WORK INSTRUCTION
Pictures stay out of the output. Return exactly the lines below from the one with "如果您沒有讀卡機也沒有印表機" down to the one with "The 30-share BSE", both included, and nothing more.

SOURCE MATERIAL
━━━

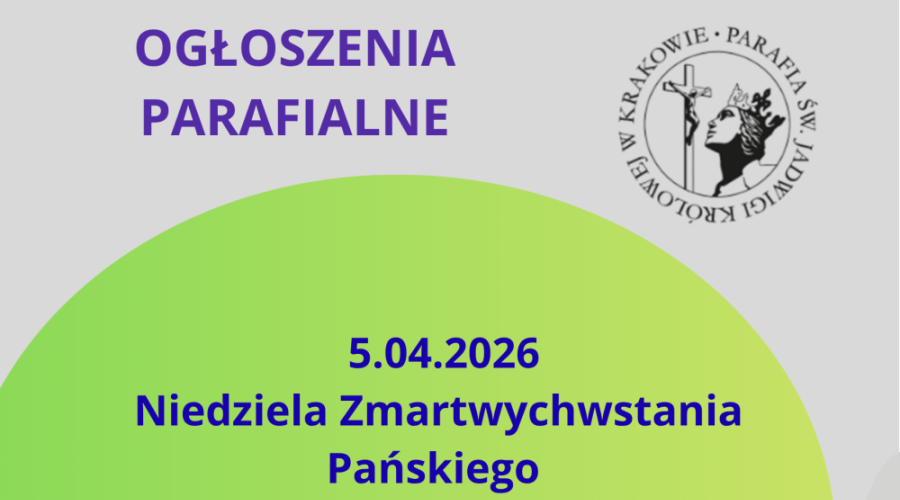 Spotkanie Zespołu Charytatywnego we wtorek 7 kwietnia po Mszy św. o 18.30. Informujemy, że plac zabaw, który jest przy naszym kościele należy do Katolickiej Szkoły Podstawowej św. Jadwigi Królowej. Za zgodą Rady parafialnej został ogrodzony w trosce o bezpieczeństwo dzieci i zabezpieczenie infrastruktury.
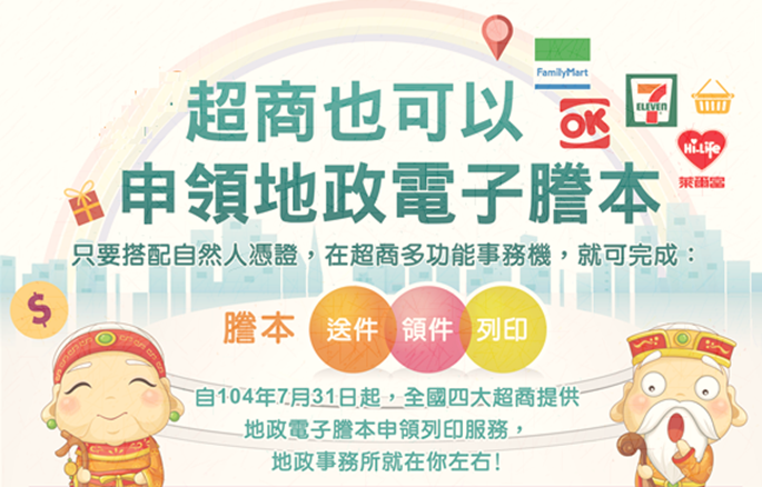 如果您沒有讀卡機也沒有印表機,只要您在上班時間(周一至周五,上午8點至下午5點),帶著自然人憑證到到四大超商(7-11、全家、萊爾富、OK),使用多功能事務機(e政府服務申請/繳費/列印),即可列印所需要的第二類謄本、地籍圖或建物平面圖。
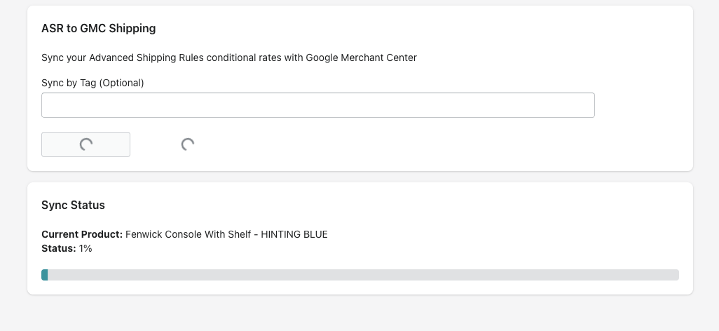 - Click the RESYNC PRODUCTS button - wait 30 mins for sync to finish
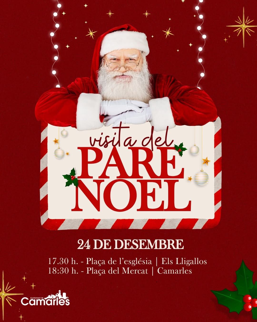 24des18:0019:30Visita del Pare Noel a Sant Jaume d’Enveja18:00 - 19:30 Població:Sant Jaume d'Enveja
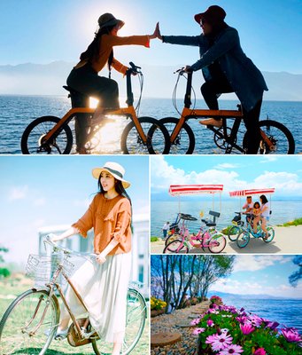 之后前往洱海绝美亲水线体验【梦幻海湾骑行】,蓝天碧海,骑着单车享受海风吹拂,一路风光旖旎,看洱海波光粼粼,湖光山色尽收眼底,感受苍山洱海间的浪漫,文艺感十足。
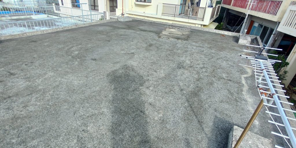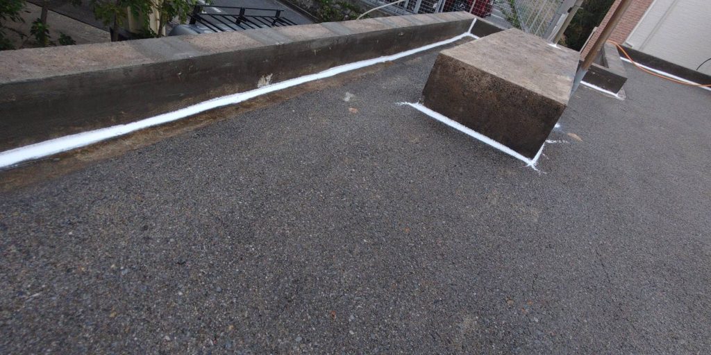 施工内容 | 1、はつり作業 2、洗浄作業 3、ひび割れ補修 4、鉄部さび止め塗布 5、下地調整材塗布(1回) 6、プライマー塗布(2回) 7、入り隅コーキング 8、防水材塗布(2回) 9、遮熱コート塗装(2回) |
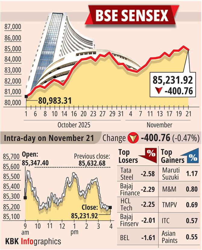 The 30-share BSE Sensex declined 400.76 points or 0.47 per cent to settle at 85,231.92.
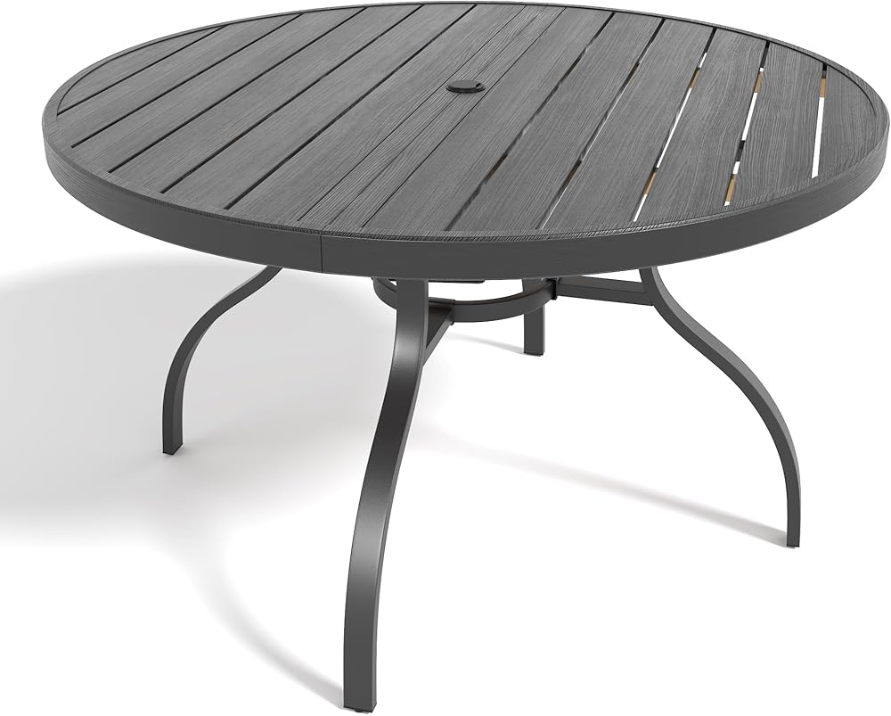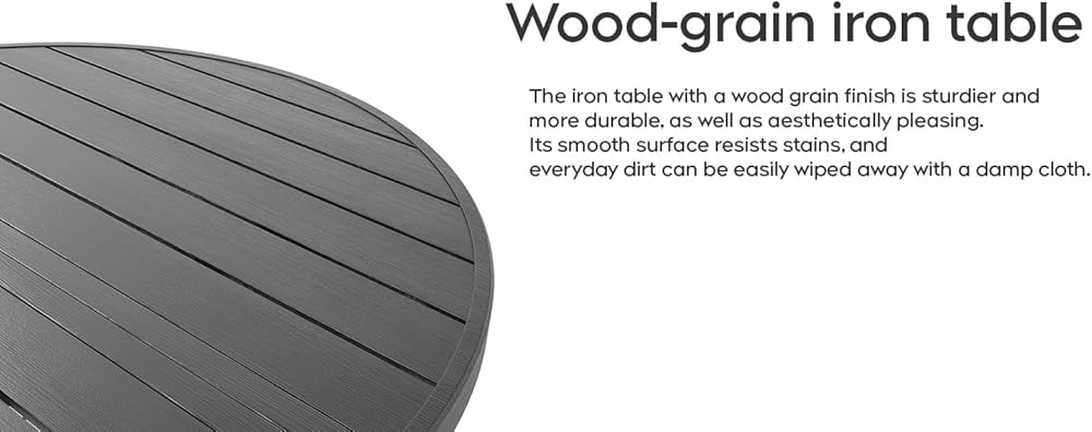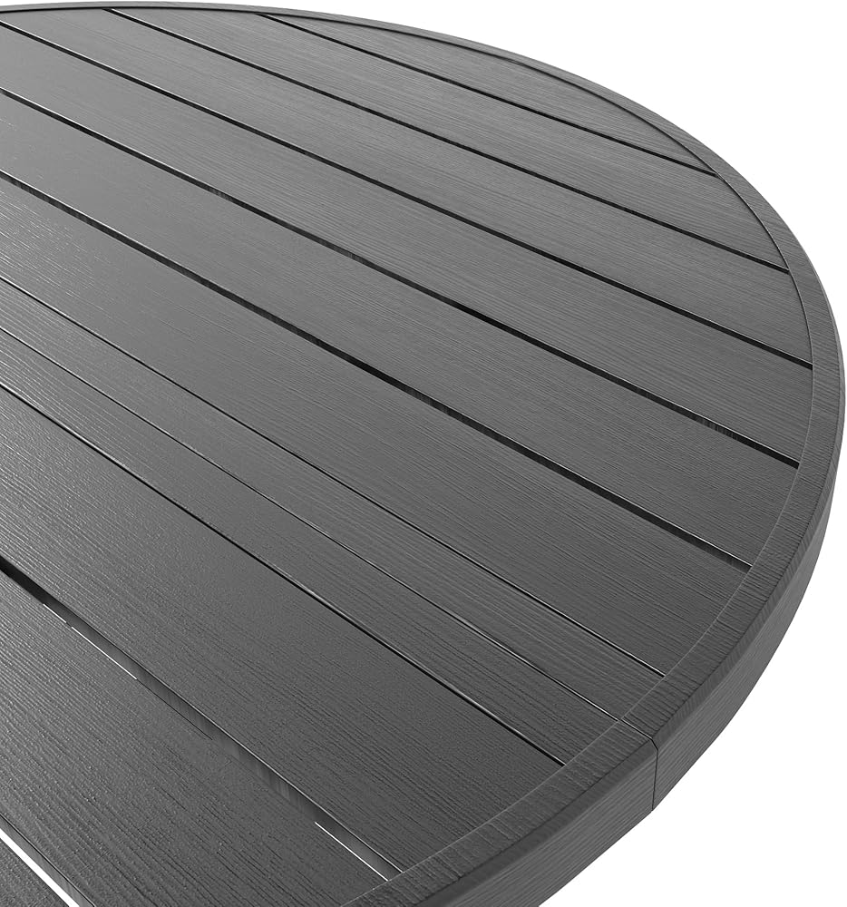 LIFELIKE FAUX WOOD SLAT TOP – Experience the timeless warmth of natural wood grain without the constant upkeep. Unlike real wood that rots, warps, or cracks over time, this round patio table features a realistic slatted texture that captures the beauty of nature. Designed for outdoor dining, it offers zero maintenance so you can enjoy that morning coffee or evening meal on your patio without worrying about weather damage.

━━━

TASK SOLUTION
 如果您沒有讀卡機也沒有印表機,只要您在上班時間(周一至周五,上午8點至下午5點),帶著自然人憑證到到四大超商(7-11、全家、萊爾富、OK),使用多功能事務機(e政府服務申請/繳費/列印),即可列印所需要的第二類謄本、地籍圖或建物平面圖。
 - Click the RESYNC PRODUCTS button - wait 30 mins for sync to finish
 24des18:0019:30Visita del Pare Noel a Sant Jaume d’Enveja18:00 - 19:30 Població:Sant Jaume d'Enveja
 之后前往洱海绝美亲水线体验【梦幻海湾骑行】,蓝天碧海,骑着单车享受海风吹拂,一路风光旖旎,看洱海波光粼粼,湖光山色尽收眼底,感受苍山洱海间的浪漫,文艺感十足。
 施工内容 | 1、はつり作業 2、洗浄作業 3、ひび割れ補修 4、鉄部さび止め塗布 5、下地調整材塗布(1回) 6、プライマー塗布(2回) 7、入り隅コーキング 8、防水材塗布(2回) 9、遮熱コート塗装(2回) |
 The 30-share BSE Sensex declined 400.76 points or 0.47 per cent to settle at 85,231.92.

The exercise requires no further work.